In a fractional replication topology, a master is receiving majority of the updates. For example, a skipped attribute is updated at each bind. The replica agreements of that master will be frequently waken up (by updates) but replication session will send no updates (all skipped) and others supplier are going into backoff longer and longer. So updates received by those others masters will appear very late on the consumers because master have few chances to acquire the consumers.
A keep alive entry is a ldapsubentry, that means this entry is only visible if the search filter contains (objectclass=ldapsubentry).
In a given replication topology (for a given suffix), there is 0 or 1 keep alive entry per master and a given keep alive entry is associated to one master (its RDN contains the replicaID of the master).
A keep alive entry is created/updated on demand, so by default a master will not create its keep alive entry.
The keep alive entry is looking like
dn: cn=repl keep alive 14,dc=example,dc=com objectclass: top objectclass: ldapsubentry objectclass: extensibleObject cn: repl keep alive 14 keepalivetimestamp: 20170227190346Z
Where 14 is the replicaID of the master and keepalivetimestamp contains the last time the protocol decided to update the entry.
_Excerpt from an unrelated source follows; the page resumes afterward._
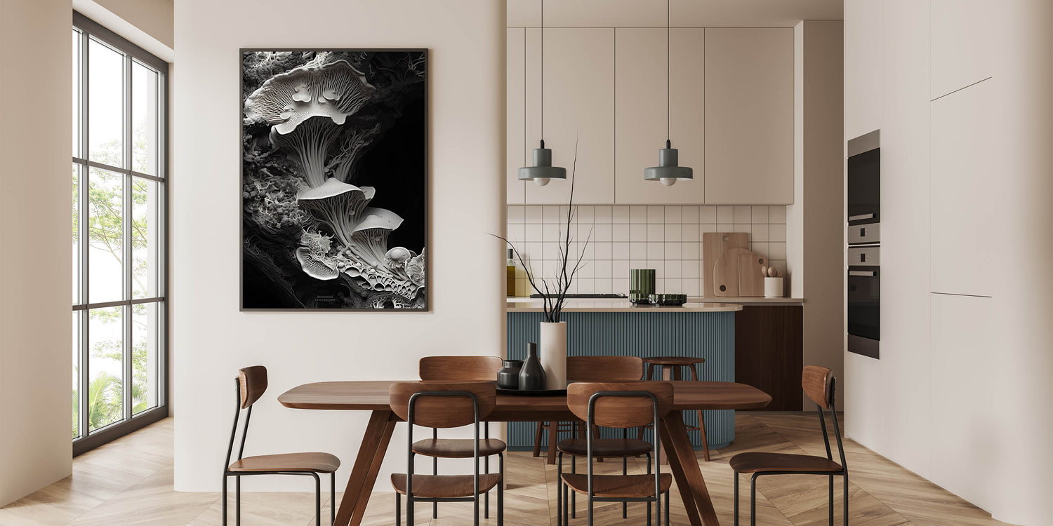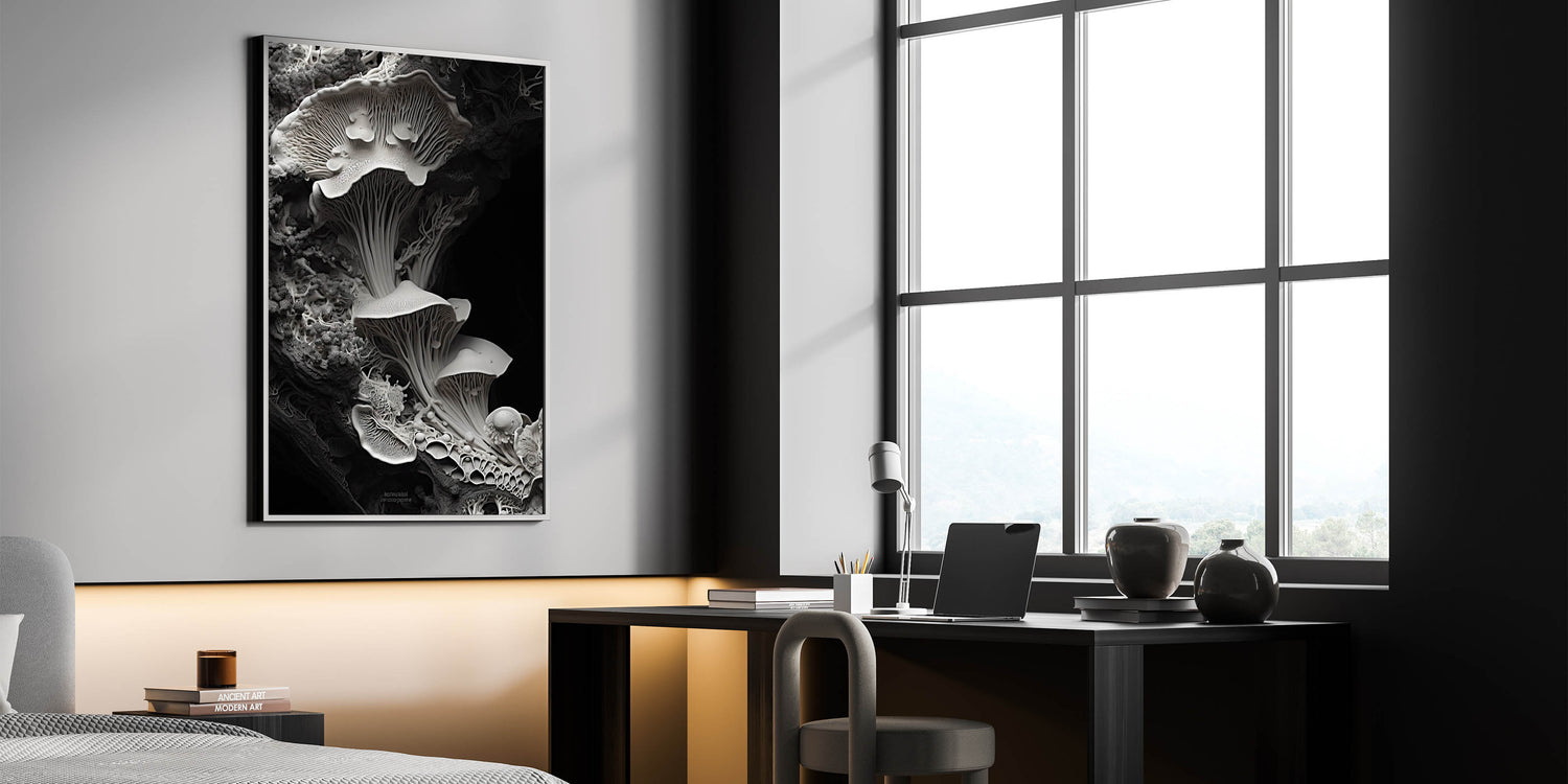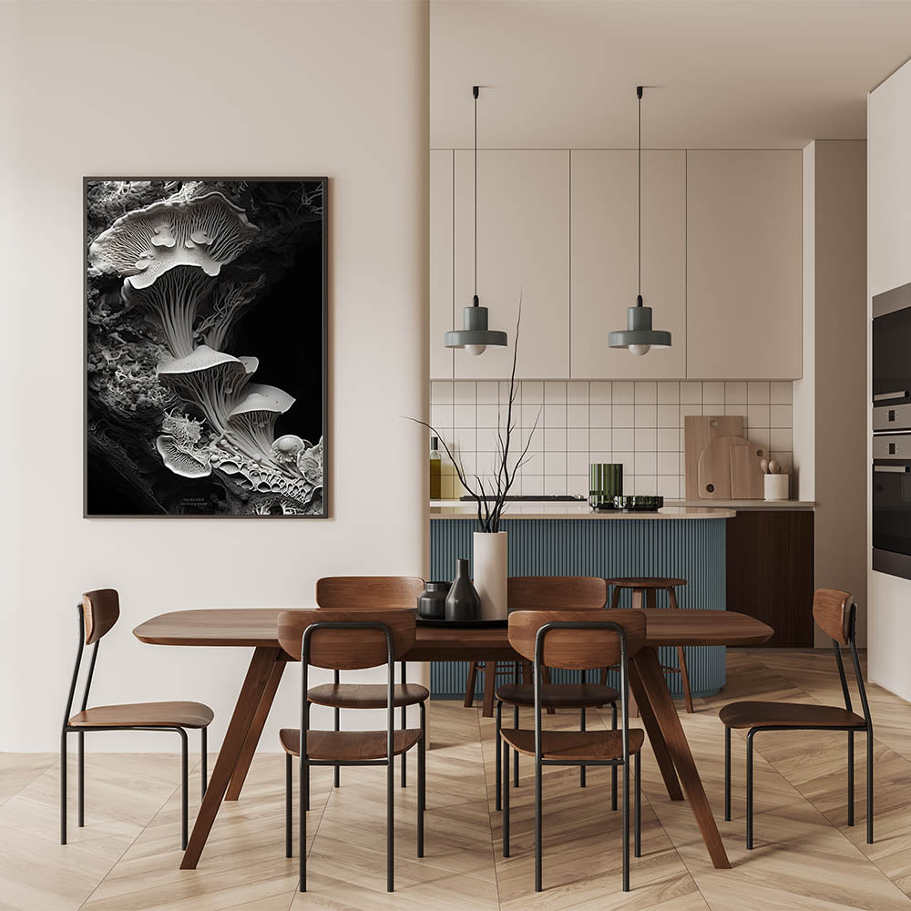 Capture the serene elegance of nature with this monochrome mushroom macro wall art. This exquisite piece features a detailed closeup of mushrooms, highlighting their delicate gills and intricate structures. The grayscale palette emphasizes the fine textures and contrasts beautifully with the dark, shadowed background, creating a timeless and sophisticated look.

Keep alive entry is created:
For example, let Master_1 (ReplicaID: 1), Master_2 (ReplicaID: 2), Master_3 (Replica_ID: 3). All in fractional replication. When Master_1 does a total initialization of Master_2, it creates cn=repl keep alive 1,dc=example,dc=com first. So at the end of the initialization, both Master_1 and Master 2 contain cn=repl keep alive 1,dc=example,dc=com. Then Master_2 does a total initialization of Master_3, Master_2 first creates cn=repl keep alive 2,dc=example,dc=com. So at the end of the initialization, both Master_2 and Master 3 contain cn=repl keep alive 1,dc=example,dc=com and cn=repl keep alive 2,dc=example,dc=com. A later replication session Master_2 to Master_1 will detect that Master_1 does not know cn=repl keep alive 2,dc=example,dc=com and will replicate it. At the end M1,M2 and M3 will all contains keep alive 1 and 2 but not keep alive 3 that was not created because M3 did not initialize any consumer.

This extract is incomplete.